Model routing selects which LLM handles a given request. Multi-agent routing selects which specialized agent handles a given task in a multi-agent workflow—for example, dispatching a customer query to a billing agent versus a technical support agent. The two are complementary and often coexist in production systems, with multi-agent routing determining the agent and model routing determining the model that agent calls to do its work.

Do I need a router if I only use one provider?

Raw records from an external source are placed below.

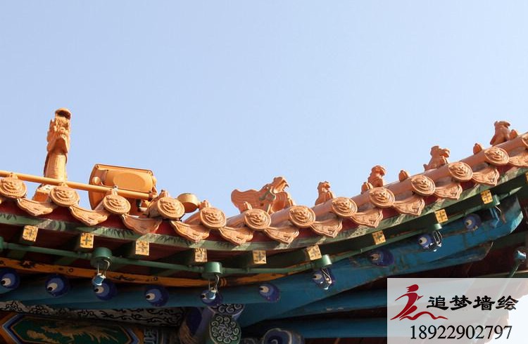 墻繪項目介紹:這個項目的彩繪方式是旋子彩繪,可以根據(jù)不同要求做的很華貴或很素雅。這種彩繪用途及廣,一般官衙、廟宇、牌樓和園林中都采用。把畫面做的精彩生動,色調明快,協(xié)調統(tǒng)一,展示了符合古人祭祀場景自然氣息的內容。
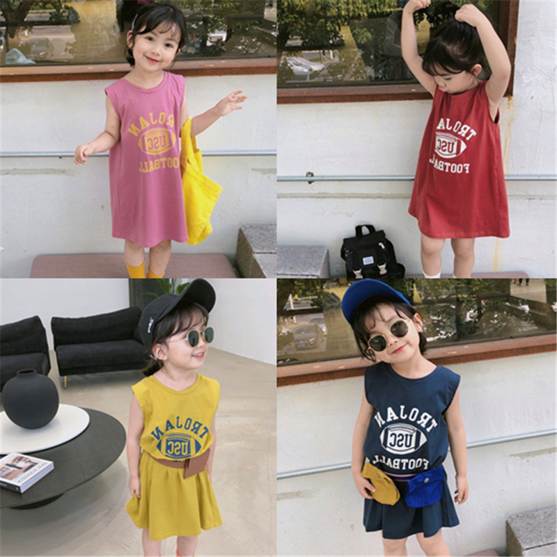 女童背心裙儿童长款t恤字母宝宝无袖连衣裙夏沙滩裙凉快宽松体恤
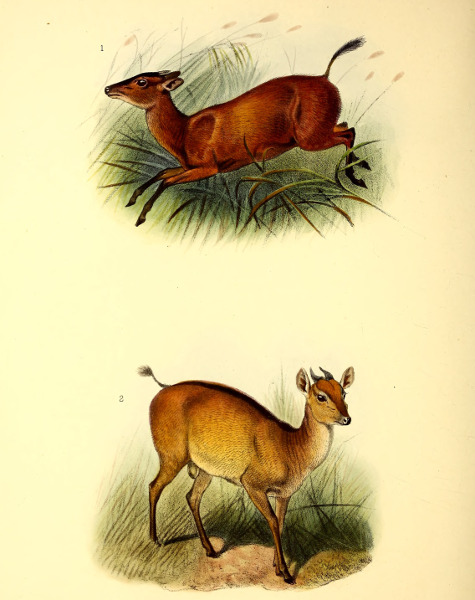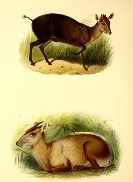 Our two illustrations of the Common Duiker (Plate XXIII.) were prepared by Mr. Smit under the direction of the late Sir Victor Brooke. The lower figure represents the more uniformly-coloured and typical form; the upper shows the variety which has been called ocularis and is known by its more rufous head, whitish eye-stripe, and much paler inferior surface.

Even within a single provider, routing between model sizes (e.g., Haiku vs. Sonnet vs. Opus) and reasoning effort levels (low, medium, high, xhigh, max) captures meaningful savings. Multi-provider routing offers even greater benefits, but single-provider routing is a reasonable starting point.

Is routing worth it if I'm not spending much on inference yet?

Not as a standalone investment. Routing's ROI scales with spend. The calculus changes fast once agentic workloads push spend into the hundreds or thousands per developer per month.

Can I build my own router?

Yes, and many teams do start with a homegrown one—usually some if/else logic around prompt length and keywords. The failure mode is the same as with most infrastructure: a custom solution gets built, nobody maintains it, the model landscape shifts, and the solution becomes silently obsolete. The right question isn't "can I build this" but "is routing core enough to my product that owning the infrastructure pays for itself."